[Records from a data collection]
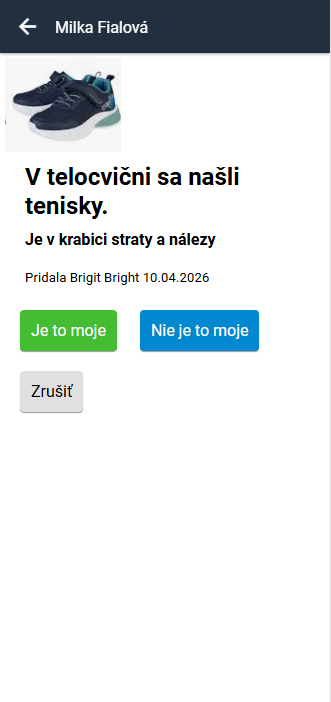 V texte správy bude informácia o konkrétnej nájdenej veci. Vyberte, komu chcete poslať notifikáciu. Rodičom a učiteľom je možné poslať notifikáciu až po 24 hodinách od posledného upozornenia, žiakom neobmedzene.
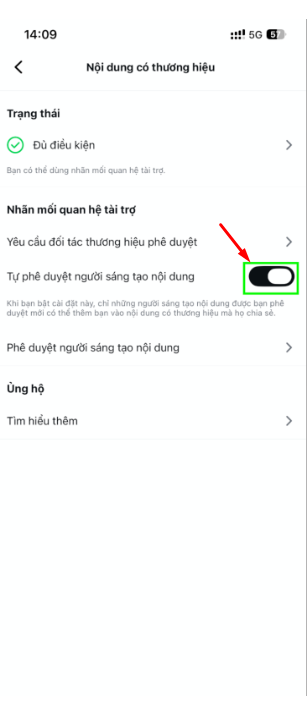 Trước khi bắt đầu, bạn cần kích hoạt quyền cho phép nội dung có thương hiệu:
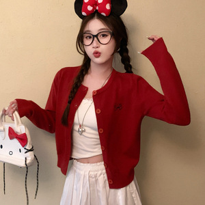 紫色毛针织开衫外套女2025新款外搭刺绣蝴蝶结独特针织毛衣上衣女
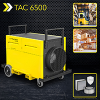 Profesjonalny przenośny przemysłowy oczyszczacz powietrza TAC 6500 to nadzwyczaj wydajny oczyszczacz powietrza do wszelkich zadań związanych z oczyszczaniem powietrza w obszarze zastosowania wózków podnośnikowych – w sprzedaży detalicznej lub hurtowej, w logistyce lub w przemyśle. Tę niezwykłą elastyczność zastosowania umożliwia TAC 6500 przede wszystkim innowacyjna funkcja Vario Shift, dzięki której łańcuch filtrów można dowolnie konfigurować przy użyciu końcowego wentylatora lub filtra HEPA, zgodnie z wymaganiami dla otoczenia sterylnego.
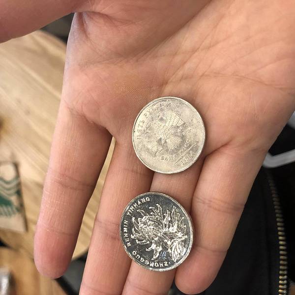 我把人民币1元的当做了他们5元的支付了,服务员提醒了下。

_Exercise goal_:
All records must be output exactly as they are, except for the pictures, which are left out.

_Answer box_:
 V texte správy bude informácia o konkrétnej nájdenej veci. Vyberte, komu chcete poslať notifikáciu. Rodičom a učiteľom je možné poslať notifikáciu až po 24 hodinách od posledného upozornenia, žiakom neobmedzene.
 Trước khi bắt đầu, bạn cần kích hoạt quyền cho phép nội dung có thương hiệu:
 紫色毛针织开衫外套女2025新款外搭刺绣蝴蝶结独特针织毛衣上衣女
 Profesjonalny przenośny przemysłowy oczyszczacz powietrza TAC 6500 to nadzwyczaj wydajny oczyszczacz powietrza do wszelkich zadań związanych z oczyszczaniem powietrza w obszarze zastosowania wózków podnośnikowych – w sprzedaży detalicznej lub hurtowej, w logistyce lub w przemyśle. Tę niezwykłą elastyczność zastosowania umożliwia TAC 6500 przede wszystkim innowacyjna funkcja Vario Shift, dzięki której łańcuch filtrów można dowolnie konfigurować przy użyciu końcowego wentylatora lub filtra HEPA, zgodnie z wymaganiami dla otoczenia sterylnego.
 我把人民币1元的当做了他们5元的支付了,服务员提醒了下。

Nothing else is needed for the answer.